So fuck it all and here is all is in a nut shell.
I'm 26 and I don't like to go out and drink my life away any more. I use to do it, I use to get a strange rush after binging and then not remembering anything. There is nothing fun about forgetting parts of your life, ask anyone with Alzheimer's, why in the fuck would anyone want to give themselves early on-set Alzheimer?? It does suck how much this limits myself from my current group of friends, they see it as kicking them out of my life and not wanting to hang out any more, I see it more as not having much in common any more. While my drunk stories are fun for people to recount over and over again it sucks for me because I get to stand there like an idiot and own them.
I like to sit at home by myself and watch t.v, be on my computer, listen to music, or talk on my phone. I don't care that it's an isolating activity because I already know how to disappoint myself and I'm better at controlling that than controlling other people. I also like to hang out with my friends and I'm not afraid of new people or new situations. Call it introvert or call it extrovert but we all have a little of each, I just tend to have a lot of both.
I get stressed and I blog, eat a lot, eat nothing, yell, cry, or I do all of the above but I do it all my way. I can throw a party for being depressed or I can throw one for celebrating my brilliance, but at the end of the day everyone around you can disappear leaving you with only yourself, will you be happy with yourself, because I already know who I am, and I like myself.
I can do anything and fuck you very much and I will. Call it a God complex, call it 20 something invisibility, but I can do anything. The possibilities in life are in fact endless and I can take whatever path I choose and run with it. I live in a free society and I can choose my own destiny. Why the fuck am I letting my friends and my fears stop me?? I live under most of the same constraints as everyone else, crushing debt, job responsibilities, family and friend, but I can do whatever I want to do, so I should just suck it up and do it.
Yes, I live in my own bubble. The fantasies and situations in my head are probably a very different perception than the ones in your head. I am working on it but for fucks sake I don't have to worry about anyone but me. I do realize that there are people who I interact with and that my action do effect them in some way shape or form but as far as it being my first or second reaction to think about the people around me, it just isn't. Those I care about receive more consideration than most but at the end of the day I live in a bubble and the first thing I think about is me. Egocentric? Yes, it is but I find as I grow older and I make my self more aware of the things going on around me it make it easier to think about others. That being said I still assume people know thing that are blatantly obvious to me but may not be to others. I hate it when people explain the obvious to me, so I tend not to explain what I perceive to be obvious.
I hate it when people second guess me. I'm not perfect, even I can admit that, but fuck!! even if I'm wrong I still get to learn a less when I fail. I may hate learning that lesson, I may complain about it, and I may want to jump off a bridge because I had to learn it but let me make my own decisions. I'm sick of being judged for the decisions I make.

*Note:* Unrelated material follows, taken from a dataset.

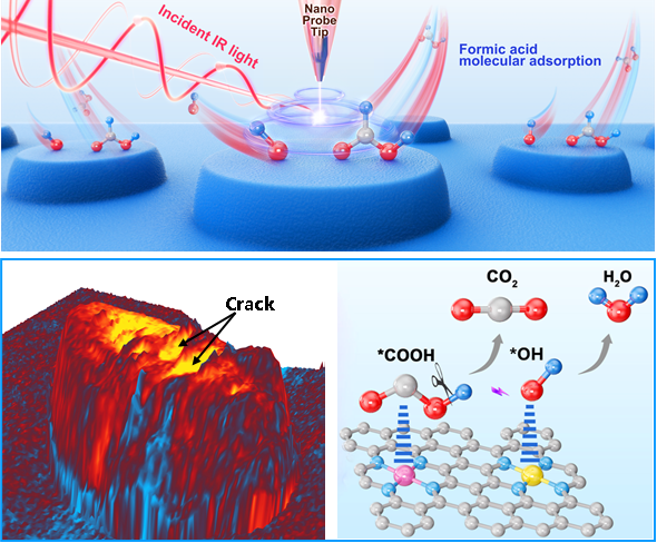 研究团队依托合肥国家同步辐射实验室自由电子激光原子力显微-红外光谱(AFM-IRFEL)实验站对Ir-Co双位点协同催化甲酸氧化反应进行了深入研究。AFM-IR联用AFM和IR光谱技术,同时获得样品局域结构和化学指纹信息,最佳空间分辨率优于10 nm。结合共振增强技术,进一步提高检测灵敏度,从而实现单分子层样品的高灵敏度探测。研究团队发现Ir-Co催化剂中C-O信号和O-H信号在空间上高度重叠,为协同催化的实现提供直观可视化证据。此外,红外光谱中 C-O 信号的峰位偏移为反应物种间的协同作用提供了有力的谱学证据。高空间分辨成像结果揭示了反应物种在催化剂表面裂缝处的集中分布,裂缝区域表现出显著的活性。这些区域的独特结构,如悬挂键和缺陷是其高催化活性的主要来源。材料表面成像差异反映了位置相关的催化反应活性,为化学反应路径和催化活性的调控提供了重要的科学指导。

I make most mistakes once some twice but even when I drive my car two hundred miles an hour towards a brick wall trust that either I know what I'm doing or that when I screw up I will know not to do it again. We all learn just as much from our mistakes as we learn from our successes.
My life is at the moment not my idea of an ideal life. I believe in God but have no idea why this is life he had planned for me. I read something recently that intrigued me about this. Maybe God is just as helpless as we all are. Maybe he's not a puppet master pulling all the strings and making all the decisions but instead a passenger sitting besides us being our cheerleader, mourning our losses and disappointments, or resting his reassuring hand on our shoulder. That he plays an active role and not just a passive one. I'm beginning to think this is more of a possibility. There is not some omnipresence to blame our downfalls on but instead we have to look to ourselves. In that case there are relationships that I have with people that I don't understand. When the person you befriended in the beginning is not the same person they are now, and you've changed too, what is there to base a friendship on? When you can't be with someone you've known for a number of years and they know you just as well or better than you know yourself, what do you do? When you found a very compatible companion when you were 15 and you chose different paths that look like they will never cross again, do you keep your faith and hope or do you drop it all and settle or find something similar? When your dreams scare you do you give them up or fight the fear until your dream becomes what they once were?
Finally, What do you do when life comes knocking at your door, wearing boxing gloves, hungry for a fight? Do you shut the door and cower under you bed? Or, do you stand straight, spit it it's face and throw the first punch? Religion, your mother, your best friend, your husband/wife, your boyfriend/girlfriend, nor can you children tell you how to run your life. They might be considerations in the decision, some stronger than others, but letting them dictate what to do with your life makes it no longer your life. So I'm now choosing to live my life, my way, and whether you believe in my interpretation of how God's guidance works or not, he's got his hand on my shoulder and I'm diving in head first.